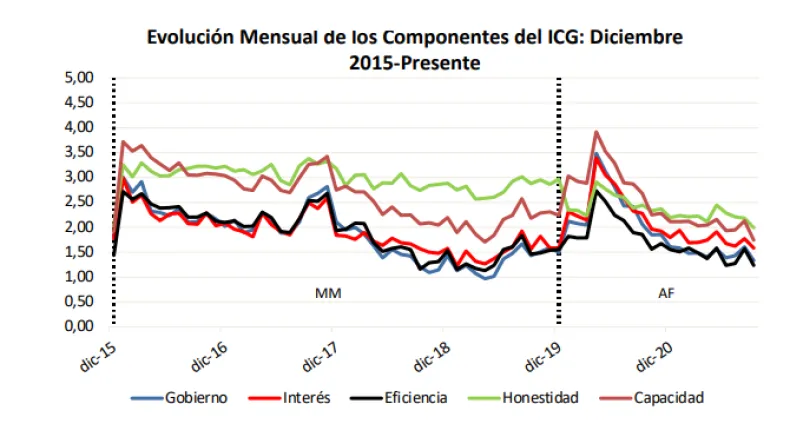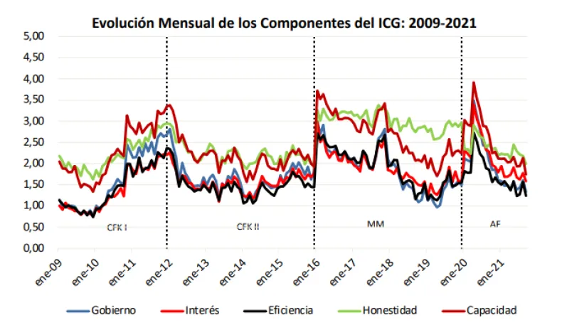 La encuesta, realizada de manera telefónica entre el 30 de agosto y el 10 de septiembre por la consultora Poliarquía, relevó que la variación intermensual con respecto a agosto fue "negativa y significativa" en todos los componentes del ICG: Eficiencia en la administración del gasto público (1,24 puntos, -21,0%), Capacidad para resolver los problemas del país (1,75 puntos, -18,0%), Evaluación general del gobierno (1,34 puntos, -16,8%), Preocupación por el interés general (1,58 puntos, -10,8%) y Honestidad de los funcionarios (1,99 puntos, -8,7%).
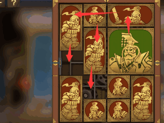 3、中间的正方形向左移动,下方的正方形向上移动,右下角的长方形向左移动,将军下方的正方形向下移动到底。
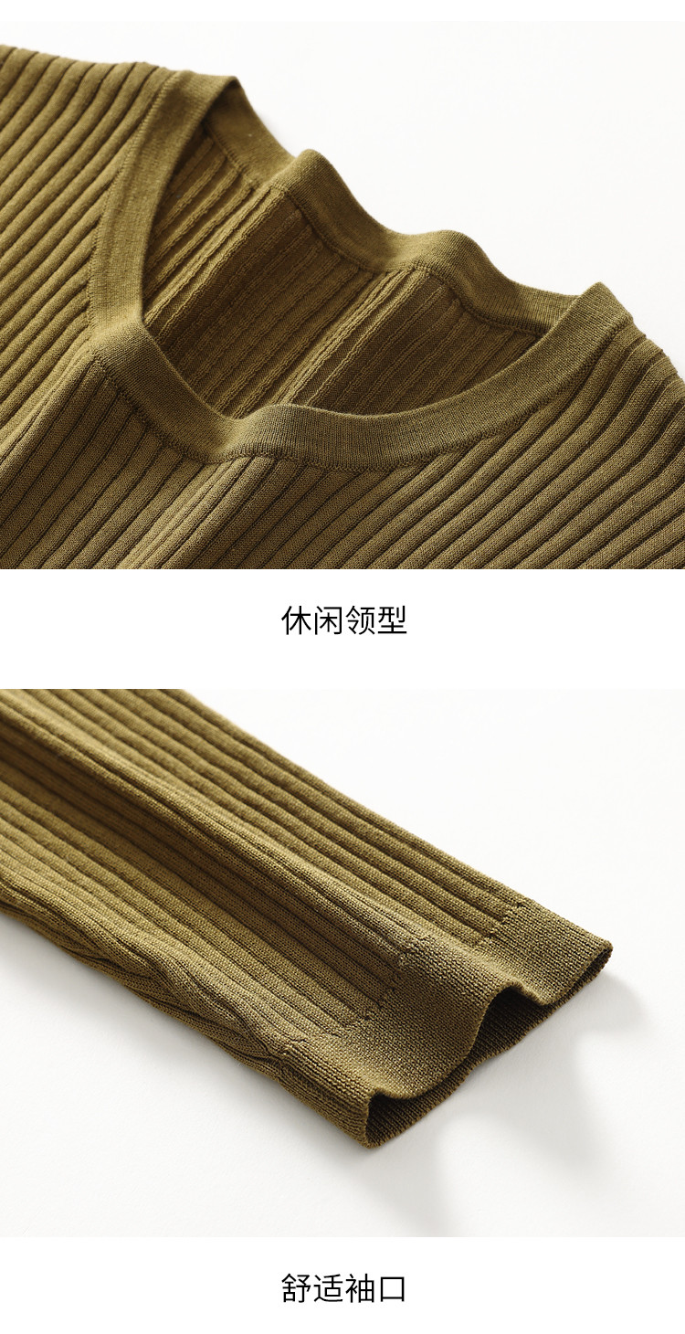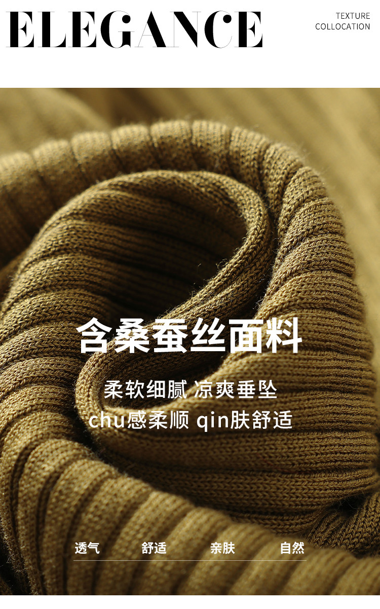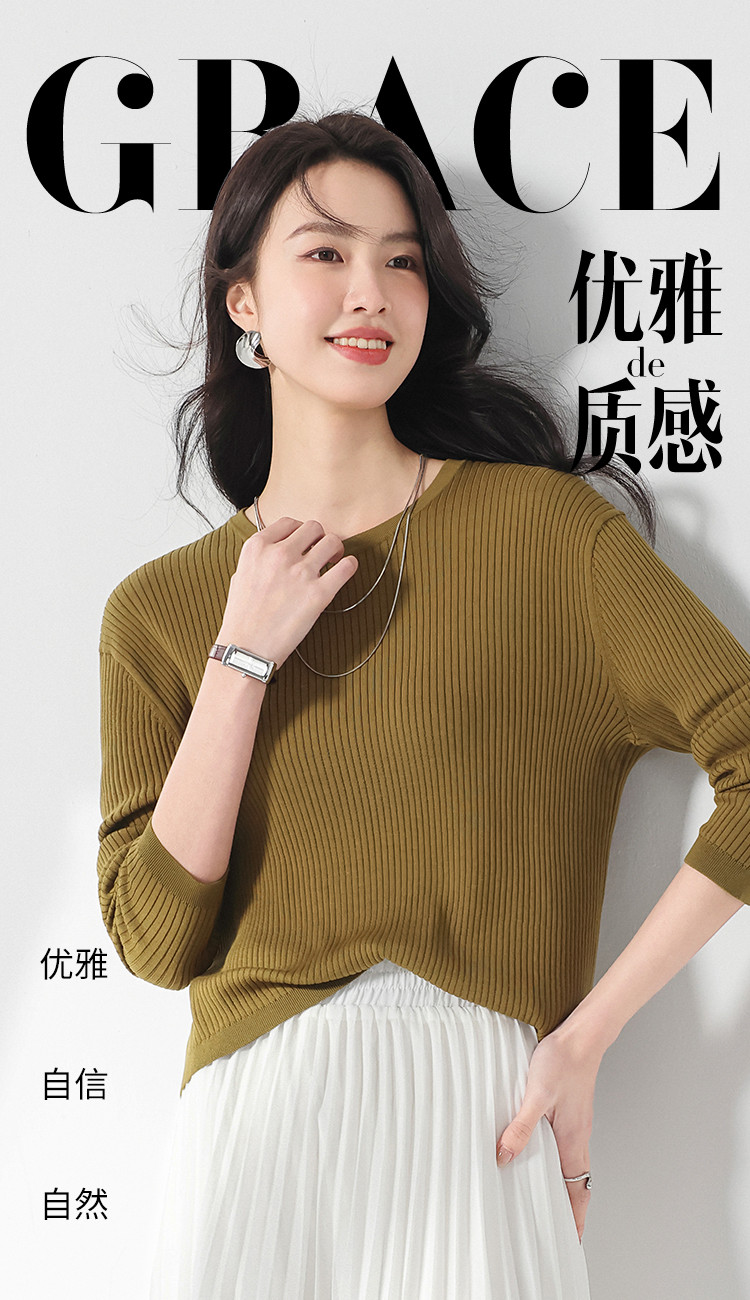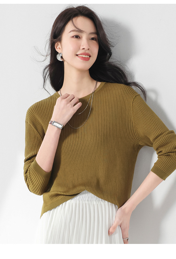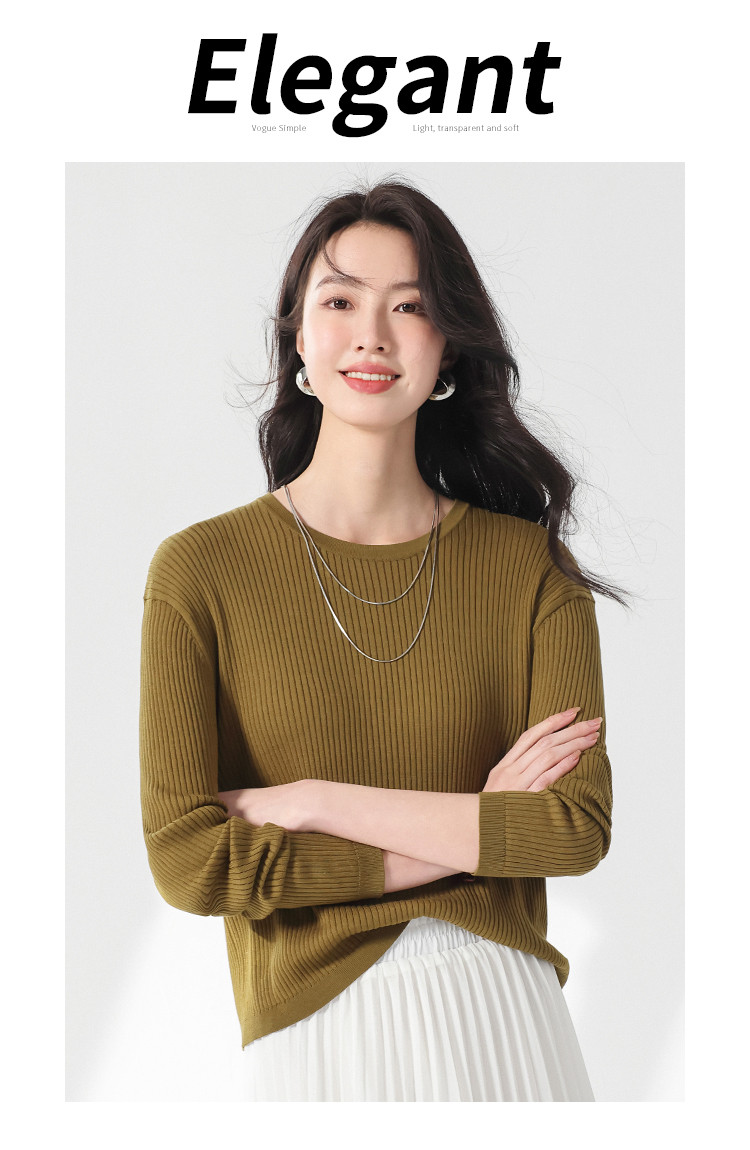 商品名称:春款轻薄透气含桑蚕丝纯色坑条圆领基础针织打底衫长袖T恤针织衫 997331
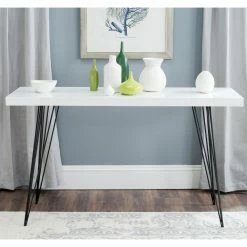 Add some mid-century flair to your entryway or seating area with the Safavieh Wolcott Lacquer Console Table. Iron hairpin legs reflect the dramatic diagonals of the vintage originals and are finished in black for a bold look. An engineered wood top in a contrasting finish completes the design.
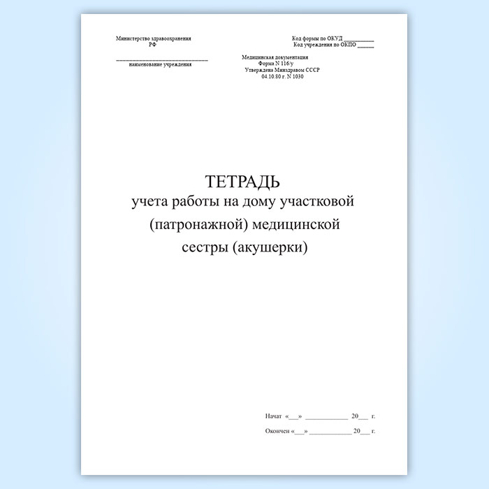 Тетрадь учета работы на дому участковой (патронажной) медицинской сестры (акушерки) (форма 116/у) в Магнитогорске купить
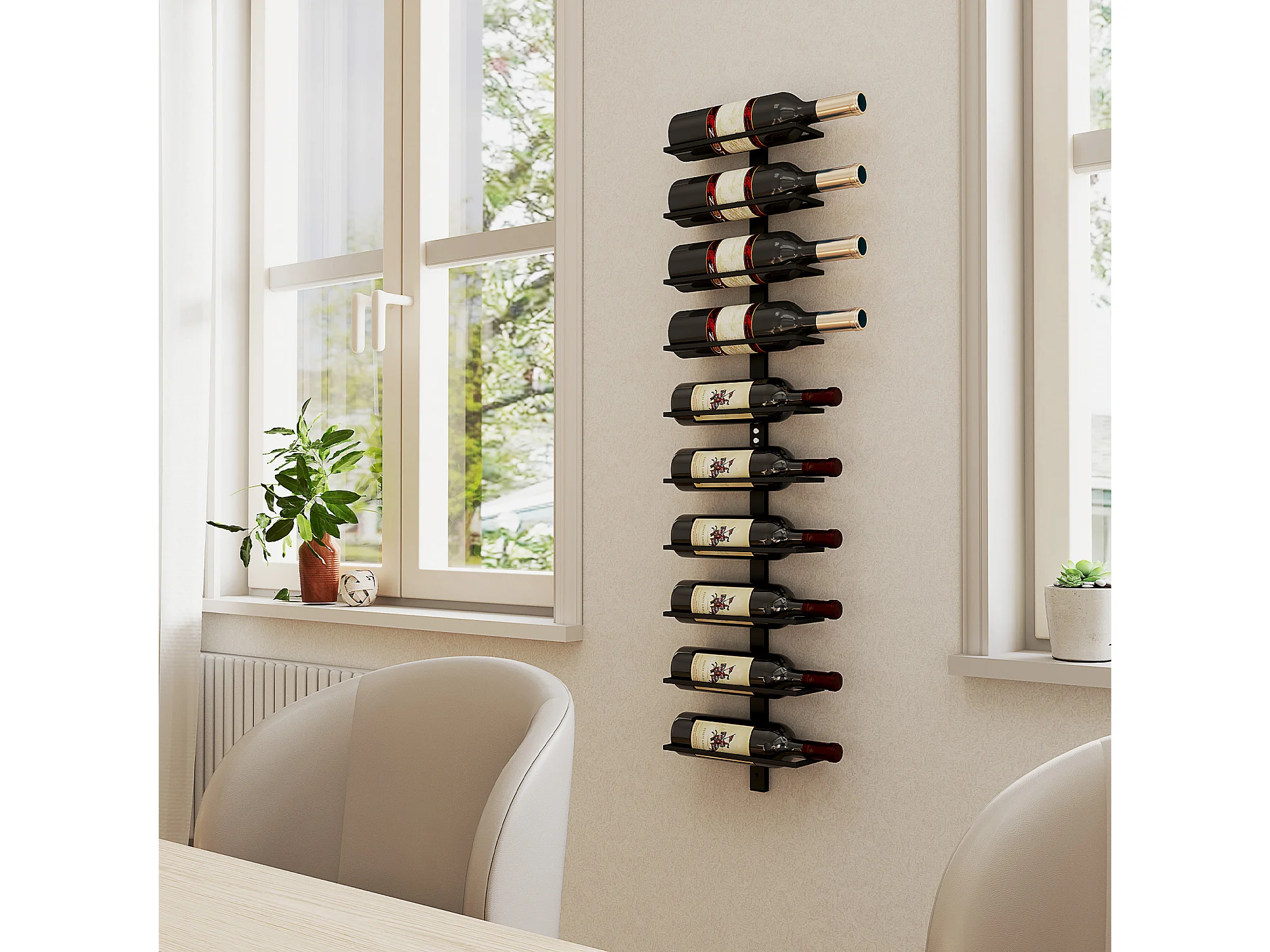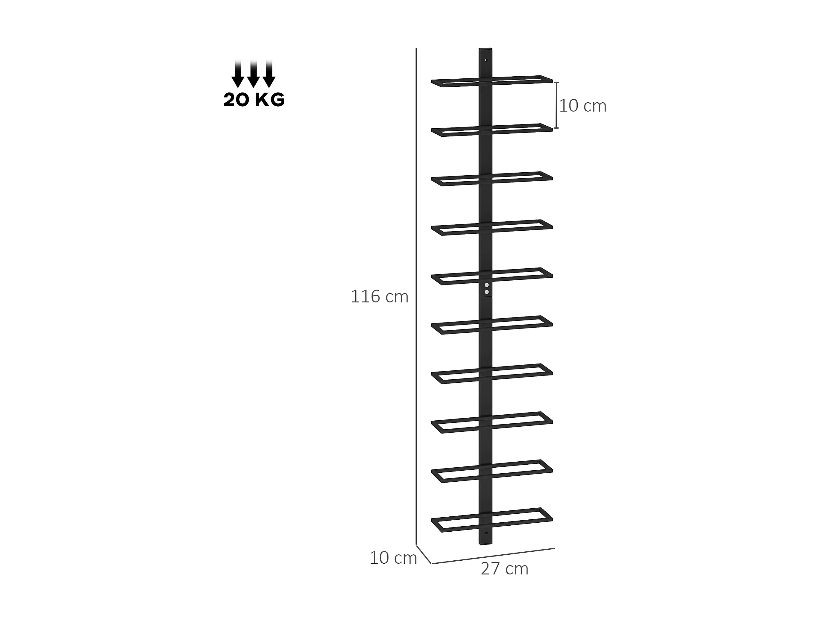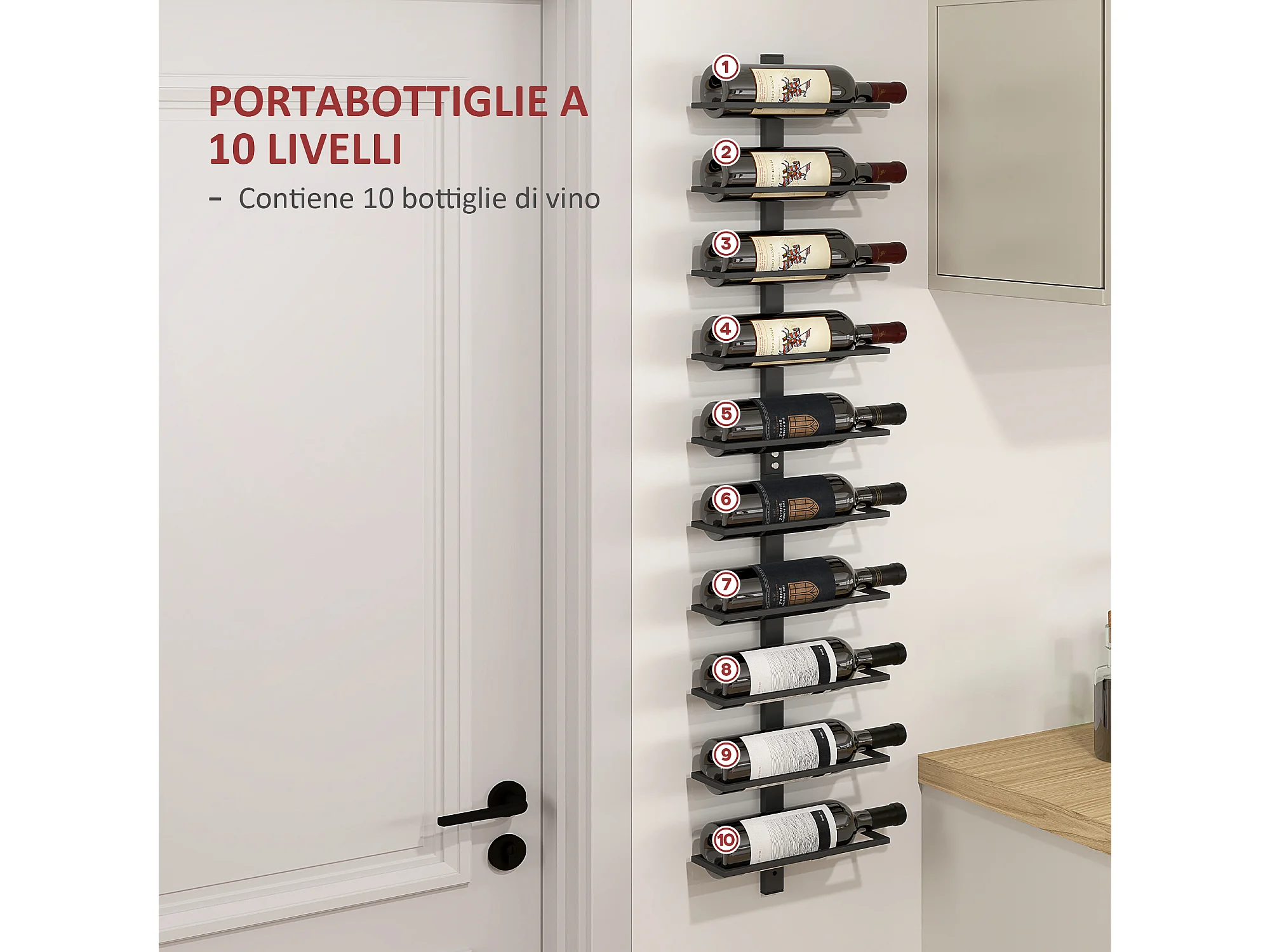 Portabottiglie da parete a 10 ripiani in acciaio 27x10x116 cm nero

================

- Your instructions -
Take the line containing "3、中间的正方形向左移动,下" and all lines after it to the end of the data above, and reproduce them exactly, leaving out pictures. Nothing else belongs in the copy.

- Expected answer -
 3、中间的正方形向左移动,下方的正方形向上移动,右下角的长方形向左移动,将军下方的正方形向下移动到底。
 商品名称:春款轻薄透气含桑蚕丝纯色坑条圆领基础针织打底衫长袖T恤针织衫 997331
 Add some mid-century flair to your entryway or seating area with the Safavieh Wolcott Lacquer Console Table. Iron hairpin legs reflect the dramatic diagonals of the vintage originals and are finished in black for a bold look. An engineered wood top in a contrasting finish completes the design.
 Тетрадь учета работы на дому участковой (патронажной) медицинской сестры (акушерки) (форма 116/у) в Магнитогорске купить
 Portabottiglie da parete a 10 ripiani in acciaio 27x10x116 cm nero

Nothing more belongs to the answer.